_DATA SHOWN_
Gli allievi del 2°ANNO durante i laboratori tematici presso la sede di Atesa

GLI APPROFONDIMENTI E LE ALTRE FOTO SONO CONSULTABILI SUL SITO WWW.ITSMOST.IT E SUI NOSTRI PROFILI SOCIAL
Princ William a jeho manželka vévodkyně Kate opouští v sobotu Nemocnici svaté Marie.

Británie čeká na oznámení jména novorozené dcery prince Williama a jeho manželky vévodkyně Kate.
* * *
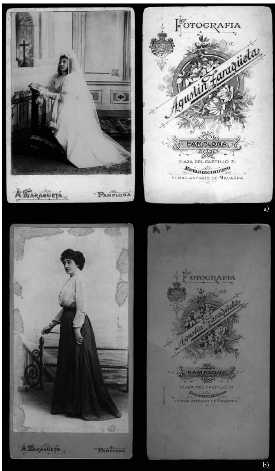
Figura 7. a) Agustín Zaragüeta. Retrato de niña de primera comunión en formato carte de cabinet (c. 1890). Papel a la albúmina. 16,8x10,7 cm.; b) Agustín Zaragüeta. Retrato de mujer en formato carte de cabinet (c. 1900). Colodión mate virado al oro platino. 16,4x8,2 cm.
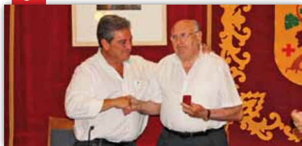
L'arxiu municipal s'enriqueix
--
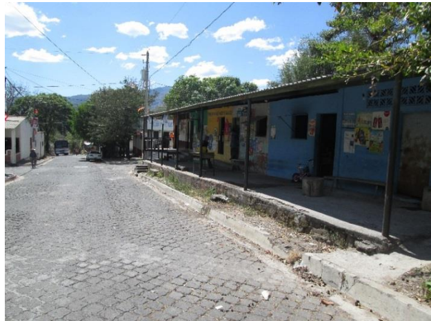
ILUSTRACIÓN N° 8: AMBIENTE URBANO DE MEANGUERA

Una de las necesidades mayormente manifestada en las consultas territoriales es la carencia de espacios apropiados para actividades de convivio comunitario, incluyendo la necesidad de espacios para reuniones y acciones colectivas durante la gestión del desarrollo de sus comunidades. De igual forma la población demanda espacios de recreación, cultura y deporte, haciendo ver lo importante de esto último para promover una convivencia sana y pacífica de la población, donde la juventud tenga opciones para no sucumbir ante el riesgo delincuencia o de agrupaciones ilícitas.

_TRY IT_
Respond with nothing but the number of lines in the data above that include the word "vévodkyně".

_EXERCISE SOLUTION_
2